Reproduce the listing verbatim through the line with "Soprammobile Decorativo In".

[THE RECORDS]
....
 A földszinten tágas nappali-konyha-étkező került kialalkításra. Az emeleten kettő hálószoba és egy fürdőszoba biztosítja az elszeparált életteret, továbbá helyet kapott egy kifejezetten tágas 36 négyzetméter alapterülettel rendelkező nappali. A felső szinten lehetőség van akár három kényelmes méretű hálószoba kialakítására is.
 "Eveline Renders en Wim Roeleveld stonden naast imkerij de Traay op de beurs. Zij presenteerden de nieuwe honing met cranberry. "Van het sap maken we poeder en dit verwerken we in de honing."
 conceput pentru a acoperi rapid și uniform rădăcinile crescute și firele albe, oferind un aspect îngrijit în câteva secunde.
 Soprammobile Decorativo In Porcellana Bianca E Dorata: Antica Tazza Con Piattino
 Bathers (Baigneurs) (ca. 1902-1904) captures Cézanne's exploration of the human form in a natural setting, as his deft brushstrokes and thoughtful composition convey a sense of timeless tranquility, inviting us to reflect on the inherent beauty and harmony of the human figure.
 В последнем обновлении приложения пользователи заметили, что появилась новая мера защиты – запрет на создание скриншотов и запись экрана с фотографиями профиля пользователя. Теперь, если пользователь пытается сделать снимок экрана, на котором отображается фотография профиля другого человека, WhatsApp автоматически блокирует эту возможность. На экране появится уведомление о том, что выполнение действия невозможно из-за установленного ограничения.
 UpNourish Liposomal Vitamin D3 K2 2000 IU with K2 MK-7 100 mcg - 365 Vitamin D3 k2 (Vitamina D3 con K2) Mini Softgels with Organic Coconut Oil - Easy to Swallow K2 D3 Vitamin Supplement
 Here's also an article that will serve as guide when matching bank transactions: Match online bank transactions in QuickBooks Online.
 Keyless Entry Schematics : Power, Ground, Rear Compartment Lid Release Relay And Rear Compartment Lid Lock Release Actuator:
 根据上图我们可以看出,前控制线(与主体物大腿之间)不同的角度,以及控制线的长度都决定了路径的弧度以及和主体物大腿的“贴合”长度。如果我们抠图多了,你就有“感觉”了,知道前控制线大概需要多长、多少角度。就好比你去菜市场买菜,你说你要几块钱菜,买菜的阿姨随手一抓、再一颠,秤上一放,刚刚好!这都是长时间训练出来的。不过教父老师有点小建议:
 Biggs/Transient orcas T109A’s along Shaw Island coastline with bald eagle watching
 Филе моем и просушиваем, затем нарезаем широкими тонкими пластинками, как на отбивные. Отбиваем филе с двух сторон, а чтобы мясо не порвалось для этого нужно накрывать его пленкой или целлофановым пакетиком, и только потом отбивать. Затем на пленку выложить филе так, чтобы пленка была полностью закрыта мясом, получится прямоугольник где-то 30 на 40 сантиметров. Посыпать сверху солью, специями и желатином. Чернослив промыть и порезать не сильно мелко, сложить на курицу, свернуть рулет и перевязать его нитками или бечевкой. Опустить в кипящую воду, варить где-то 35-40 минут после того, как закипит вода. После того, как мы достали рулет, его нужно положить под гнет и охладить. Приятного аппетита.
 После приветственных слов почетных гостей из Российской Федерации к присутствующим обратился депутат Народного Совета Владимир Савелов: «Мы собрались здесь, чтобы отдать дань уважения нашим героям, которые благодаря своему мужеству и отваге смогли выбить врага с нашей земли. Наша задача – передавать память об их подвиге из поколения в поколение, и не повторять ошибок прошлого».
....
[TASK ANSWER]
 A földszinten tágas nappali-konyha-étkező került kialalkításra. Az emeleten kettő hálószoba és egy fürdőszoba biztosítja az elszeparált életteret, továbbá helyet kapott egy kifejezetten tágas 36 négyzetméter alapterülettel rendelkező nappali. A felső szinten lehetőség van akár három kényelmes méretű hálószoba kialakítására is.
 "Eveline Renders en Wim Roeleveld stonden naast imkerij de Traay op de beurs. Zij presenteerden de nieuwe honing met cranberry. "Van het sap maken we poeder en dit verwerken we in de honing."
 conceput pentru a acoperi rapid și uniform rădăcinile crescute și firele albe, oferind un aspect îngrijit în câteva secunde.
 Soprammobile Decorativo In Porcellana Bianca E Dorata: Antica Tazza Con Piattino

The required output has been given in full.